Answer 6 · 2020-04-14T19:36:05.000Z

Thanks Joseph.
The AUC remains
Lung Opacity 0.692
Pneumonia 0.692
when I randomly choose 1000 examples from the entire dataset
num_frames = 1000
random_indices = np.random.choice(len(d_kaggle), size=num_frames, replace=False)
So maybe something with the views. To clarify -- you say that the model was trained on both AP and PA but now I present it with just PA?
In any case, I'm interested in testing a couple of representation learning ideas on COVID-19. But wanted to start with something like pneumonia where we have data and trained models. What would be the preferable and most stable dataset and model to work with?

Answer 7 · 2020-04-14T20:33:21.000Z

you say that the model was trained on both AP and PA but now I present it with just PA?

Yes, you can pass the dataloader views=["AP"] to get AP views only and try them. This is on master and not in pip yet.

What would be the preferable and most stable dataset and model to work with?

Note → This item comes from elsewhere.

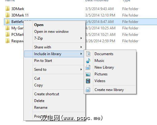 您可以通过右键简单地将选择文件夹添加到库中单击,单击“ 包含在库中",然后选择所需的任何库。将文件夹添加到库会添加其中的所有文件。不幸的是,您不能将单个文件添加到库中。

I go to the "all" model just because it has all the labels and was trained on the most data. For datasets I work with NIH and PADCHEST because their licenses are easy to work with. Also, PADCHEST has ~190 labels (the code here doesn't take advantage of all of them but I would like it to) so you can do more experiments with those extra labels.

Answer 8 · 2020-04-14T21:55:22.000Z

Thank you. I'll try that and will keep you posted.

Answer 9 · 2020-04-24T03:23:45.000Z

I added a first draft of the calibration code into the forward function of the densenet and computed the operating points for all the models/tasks and stored them so they work automatically for every forward pass. Let me know if you have some comments on how it is implemented. It will also output nans if that model is not trained on a specific task.

https://github.com/mlmed/torchxrayvision/blob/master/scripts/xray_models.ipynb

Answer 10 · 2020-04-27T21:22:04.000Z

thanks I just saw your message. looking into it!